Some may have a hard time making the template(s) without some help on this one point..  the templates are the real base to making the items   your way and now mind.






template tom said:


> Finally managed to access my son's computer so I will keep this short before I attempt to progress any further
> 
> OOps Harrry You share every thing
> But you are the master at covering up your Mistakes
> Tom


----------



## harrysin (Jan 15, 2007)

bobj3 said:


> Hi Tom
> 
> "Harry,,,,You share every thing" = not so , he didn't share how he made the template and what sizes the inserts are..and how he made them..
> 
> Some may have a hard time making the template(s) without some help on this one point..  the templates are the real base to making the items   your way and now mind.
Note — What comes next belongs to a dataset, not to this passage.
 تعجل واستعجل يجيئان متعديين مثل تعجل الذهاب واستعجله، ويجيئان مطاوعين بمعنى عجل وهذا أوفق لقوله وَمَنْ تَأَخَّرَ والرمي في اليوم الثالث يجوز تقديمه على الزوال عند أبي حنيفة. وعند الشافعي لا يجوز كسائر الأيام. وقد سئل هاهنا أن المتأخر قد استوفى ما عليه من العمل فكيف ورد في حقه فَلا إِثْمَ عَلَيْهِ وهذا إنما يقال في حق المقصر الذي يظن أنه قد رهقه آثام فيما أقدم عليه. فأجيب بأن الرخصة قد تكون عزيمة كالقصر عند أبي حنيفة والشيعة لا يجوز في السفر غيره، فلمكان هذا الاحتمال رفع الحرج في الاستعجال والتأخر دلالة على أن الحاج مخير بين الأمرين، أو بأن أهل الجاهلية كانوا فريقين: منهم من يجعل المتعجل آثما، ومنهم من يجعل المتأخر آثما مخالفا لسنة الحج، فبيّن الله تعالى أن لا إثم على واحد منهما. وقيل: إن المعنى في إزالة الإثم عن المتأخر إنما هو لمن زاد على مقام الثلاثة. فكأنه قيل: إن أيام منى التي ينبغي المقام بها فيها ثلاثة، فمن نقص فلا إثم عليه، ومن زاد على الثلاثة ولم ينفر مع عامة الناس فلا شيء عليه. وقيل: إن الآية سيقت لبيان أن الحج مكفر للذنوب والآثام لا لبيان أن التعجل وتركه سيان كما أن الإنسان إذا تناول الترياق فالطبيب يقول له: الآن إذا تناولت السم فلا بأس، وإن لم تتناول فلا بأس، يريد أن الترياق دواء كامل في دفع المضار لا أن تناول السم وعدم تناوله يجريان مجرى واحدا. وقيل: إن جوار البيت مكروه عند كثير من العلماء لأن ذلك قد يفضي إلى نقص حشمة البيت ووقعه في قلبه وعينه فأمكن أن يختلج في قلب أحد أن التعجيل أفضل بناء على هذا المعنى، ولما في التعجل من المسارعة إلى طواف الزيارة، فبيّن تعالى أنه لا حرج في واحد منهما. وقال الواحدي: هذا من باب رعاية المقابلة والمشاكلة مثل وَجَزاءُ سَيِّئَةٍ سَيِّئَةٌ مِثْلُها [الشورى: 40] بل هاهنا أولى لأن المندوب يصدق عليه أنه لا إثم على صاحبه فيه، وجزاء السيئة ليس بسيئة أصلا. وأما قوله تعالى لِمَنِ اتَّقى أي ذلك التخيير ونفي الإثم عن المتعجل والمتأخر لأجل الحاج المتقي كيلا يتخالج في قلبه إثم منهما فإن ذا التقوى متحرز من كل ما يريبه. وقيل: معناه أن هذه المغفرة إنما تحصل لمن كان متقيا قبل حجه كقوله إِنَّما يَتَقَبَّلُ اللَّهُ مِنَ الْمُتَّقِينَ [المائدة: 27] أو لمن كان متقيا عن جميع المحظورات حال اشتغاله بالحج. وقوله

Bj, it was not my intention to hold anything back, it just didn't occur to me because it's not like precision engineering, I thought that knowing the method, all those interested would choose their own lid, guide and cutter sizes and experiment. For those not mathematically inclined (like me) cut you're lid and fit it into a jig, no need to make a complex one at this early stage, my previous posts show simple methods as they also show how simple it is to make the template, also don't forget Tom's sticky under template guides and routing. Make the template opening a bit smaller than the wood so that it sits on top and if necessary add packing pieces to prevent the template from rocking. Now hold different size guides in position and if necessary pencil where the cutter will cut, this way you can make the size of the pattern to suit you're own taste. Please don't hesitate to ask further questions, that's how we learn, I don't have secrets,even from my wife!(fingers crossed)
A word of advice, if laminating templates which will be photographed, use a plain one, the speckled one I used for this project produces very large files.


----------



## bobj3 (Jan 17, 2006)

Hi Harry

Thanks for the update :

Need one more for your snapshot #2 , to get the sq. to come out right 


Bj 




harrysin said:


> Bj, it was not my intention to hold anything back, it just didn't occur to me because it's not like precision engineering, I thought that knowing the method, all those interested would choose their own lid, guide and cutter sizes and experiment. For those not mathematically inclined (like me) cut you're lid and fit it into a jig, no need to make a complex one at this early stage, my previous posts show simple methods as they also show how simple it is to make the template, also don't forget Tom's sticky under template guides and routing. Make the template opening a bit smaller than the wood so that it sits on top and if necessary add packing pieces to prevent the template from rocking. Now hold different size guides in position and if necessary pencil where the cutter will cut, this way you can make the size of the pattern to suit you're own taste. Please don't hesitate to ask further questions, that's how we learn, I don't have secrets,even from my wife!(fingers crossed)
> A word of advice, if laminating templates which will be photographed, use a plain one, the speckled one I used for this project produces very large files.


----------



## bobj3 (Jan 17, 2006)

Harry

Sorry ,, I just saw it,,,it's hard to see..   same stock...

Bj


----------



## harrysin (Jan 15, 2007)

It sounds like you're going to stay up all night in you're workshop Bj. I know that it can become quite exiting to get a project completed.


----------



## bobj3 (Jan 17, 2006)

Hi Harry

Well I just came in from the shop,,,it's now 12:01 A.M. I was playing with the jig, coming up with a new way to hold the template 

I guess it's time to hit the sack ...watch a bit of the news on the TV then it's light out for me.. 

Bj 






harrysin said:


> It sounds like you're going to stay up all night in you're workshop Bj. I know that it can become quite exiting to get a project completed.


----------



## harrysin (Jan 15, 2007)

Joe Lyddon said:


> It 'could' be done using just a fence guide & a plunge router...
> 
> ... but, somehow, I think you are going to say "by using a template!"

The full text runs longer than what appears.